Saturday, August 22, 2009

Belated thoughts from before and the theology of Kylie Minogue

Back to the idea of faith as a story. People have stopped passing the Christian Faith on. One generation thought they knew it but the next generation don’t know it. (“Why was the baby called Wayne? - As in A Wayne in a manger”). Well you don’t need to convince me, an R.E teacher, that people have lost the plot - literally. I am perpetually gob-smacked by what people don’t know: “How is it you don’t know this? Surely everyone knows this?”

“Why would I know where Jesus was born?”

“Sing me a Christmas Carol. Any line of any carol.”

“O little town of Bethlehem…”

“There you go.”


It must be true that the major obstacle to evangelism is Christians Steve tells us: those for whom being a Christian is mainly about me in a safe male/white/middle-class/straight/middle-aged (delete as appropriate – you get the idea) comfortable environment. There is a lack of a desire to leave our comfort zones and go where people are and to enable them in their turn to join and share that comfortable environment. How can people come to faith if we are not there with them doing the things they do so that they can see the Christianity acted out?

Well, yes, that is undoubtedly true but if I follow the idea that Christians are the major obstacle to evangelism I would also have to consider that man who stands with a microphone outside Marks and Spencer’s every Saturday morning declaiming to passers by that God is a wrathful and vengeful God and he will condemn the wicked to Hell for their sins.

I remember – I must have had some time to kill on that occasion – watching him for a while and the impact he had on the public. It seemed to me that as they approached him and came within ear-shot, they sort of hunched down and scurried by, only to slow down and straighten up once a safe distance had been achieved. He is to evangelism what Sarah Palin is to political acumen.
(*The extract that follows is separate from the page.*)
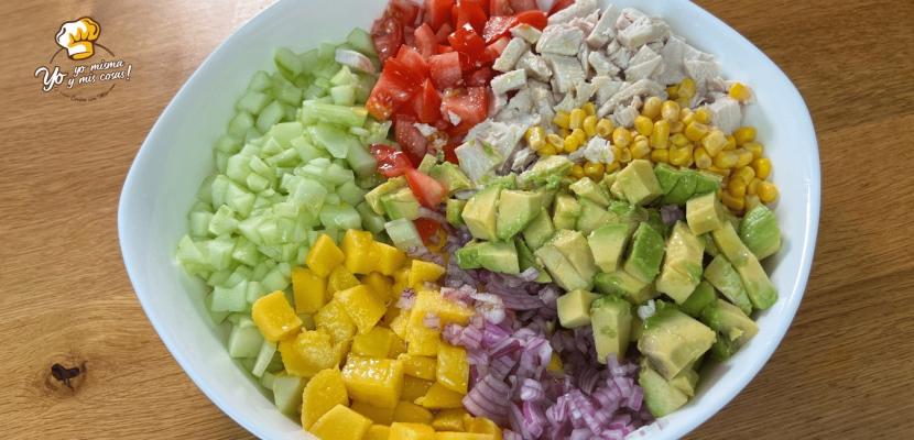 Ensalada completa como plato único para comerReceta de Yo, yo misma y mis cosasPublicada en Ensaladas Ver la receta paso a paso Quizás te interesen también estas recetasEnsalada de patata con bacon y salsa rancheraLa Cocina de MasitoTartar de salmón con mango y aguacateCaceroladasEnsalada de garbanzos con mangoLa Cocina de MasitoPipirranaAnna Recetas FácilesEmpedrat, ensalada de alubias y bacalaoMis Cosillas de CocinaEnsalada César de quesoAnna Recetas Fáciles

No one stopped and no one engaged with him, so I did. What the hell? I’m a theology graduate. I should be able to debate with this man surely? “Excuse me. I wonder if I could talk to you for a moment, only I’m not sure concentrating on God’s wrath and berating people with it is quite the best approach.”

He blanked me completely and, turning away, continued to shout, only more loudly this time, into his microphone.

I’ve not bothered since.

Evangelism isn’t “I tell you about Jesus; you convert; I dump you in church; I depart. Job done.”

One further thought that struck me was from a passing conversation with Dr. Bob and Stuart over coffee. Religious texts are very unclear in their message when they are distanced from their author. To what extent can we talk about the meaning of scripture today when the authors are no longer with us to be asked for clarification? Surely the best we can say is what the texts mean to us today even though we are not the original audience, nor in many cases the implied audience. A faith based on “This is what the text says.” becomes increasingly hard to sustain in a post-modern world. That, of course, needs to be juxtaposed with the idea that if the church’s views are the views of contemporary society then it can not be a missionary church because it has no message to proclaim. Someone said – and I wish I could remember who – “We have an eternal gospel, not an unchanging gospel.”

“Do not call people back to where they were: they were never there. Do not call people to where you are: you may not remain there. Call people to travel with you and the Holy Spirit wherever that may turn out to be.” I’d like to say that was my thought but it wasn’t. I had a margin note to google it. I tried. Google couldn’t find it.

“Could you speak up? I’ve not got my hearing aid in.”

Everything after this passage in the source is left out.